* SUPPLIED MATERIAL:
-- Opening Marker --
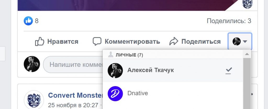 2) Открываю поле коментов и выбираю от какого имени писать от своего или от сообщества .
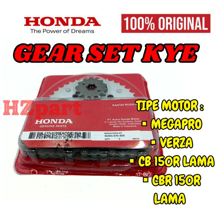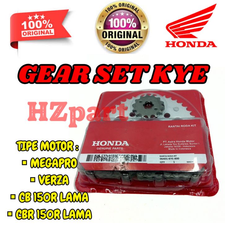 ASLI GEAR SET+RANTAI KODE-KYE HONDA MEGAPRO/VERZA/CB 15 R LAMA HONDA KYE KUALITAS ORINAL ASLI1%
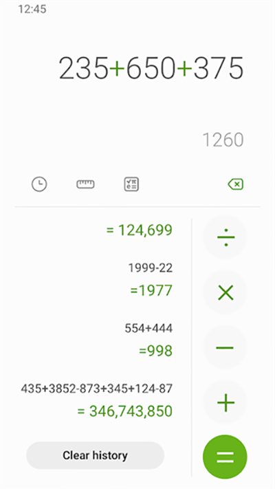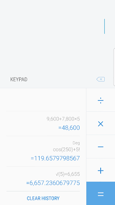 三星计算器是一款好用的计算器app,相比于市面那些计算器工具,该软件专业性更高,内置功能更全面,为大家提供多种不同的运算法则,并且计算过程详细以及结果也是非常精准的,支持历史计算查询,小巧实用,没有广告弹窗,喜欢的小伙伴们快来下载三星计算器体验吧!
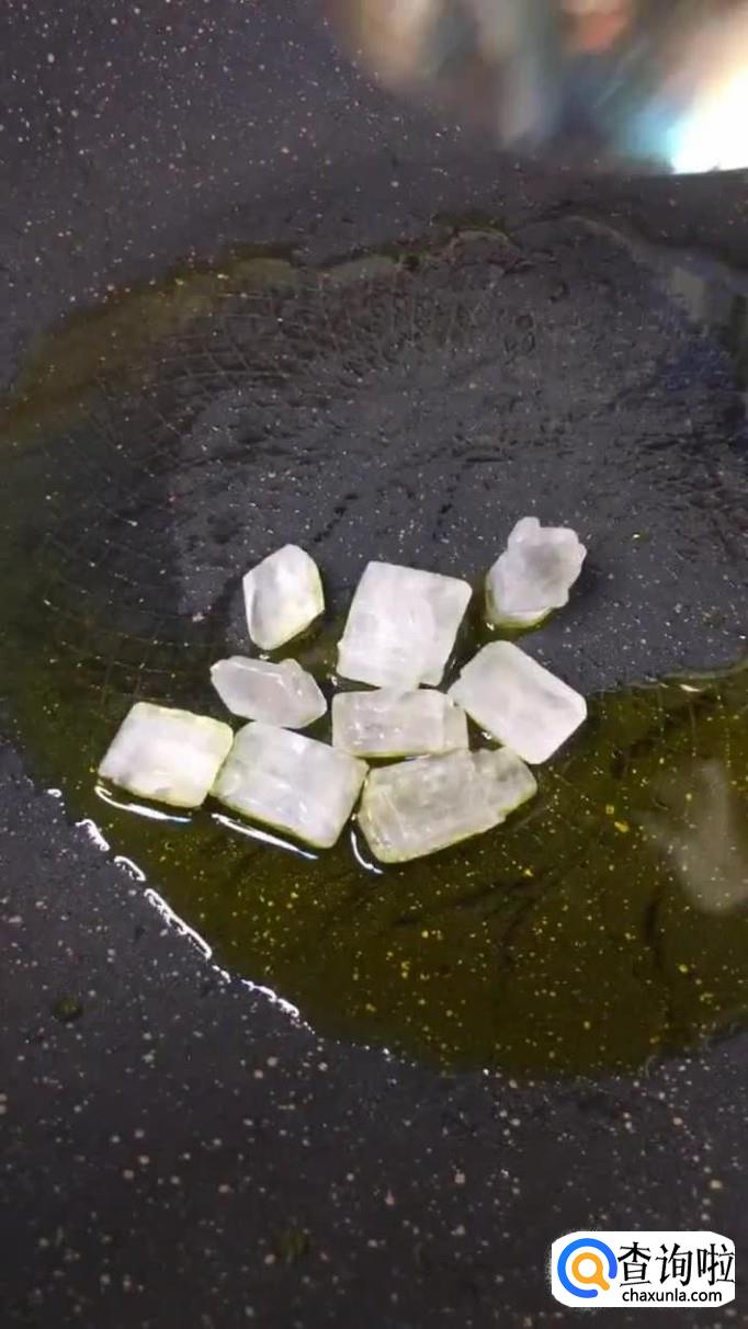 然后在炒锅中放入适量的食用油并加入几块冰糖,熬制融化,如下图所示。小贴士:大家在熬冰糖的时候最好开小火,这样能够有效地防止冰糖熬焦了。这一点大家一定要注意。
-- Closing Marker --
* TASK DETAILS: Once the pictures are set aside, repeat the data above exactly.

* WRITTEN RESPONSE:
 2) Открываю поле коментов и выбираю от какого имени писать от своего или от сообщества .
 ASLI GEAR SET+RANTAI KODE-KYE HONDA MEGAPRO/VERZA/CB 15 R LAMA HONDA KYE KUALITAS ORINAL ASLI1%
 三星计算器是一款好用的计算器app,相比于市面那些计算器工具,该软件专业性更高,内置功能更全面,为大家提供多种不同的运算法则,并且计算过程详细以及结果也是非常精准的,支持历史计算查询,小巧实用,没有广告弹窗,喜欢的小伙伴们快来下载三星计算器体验吧!
 然后在炒锅中放入适量的食用油并加入几块冰糖,熬制融化,如下图所示。小贴士:大家在熬冰糖的时候最好开小火,这样能够有效地防止冰糖熬焦了。这一点大家一定要注意。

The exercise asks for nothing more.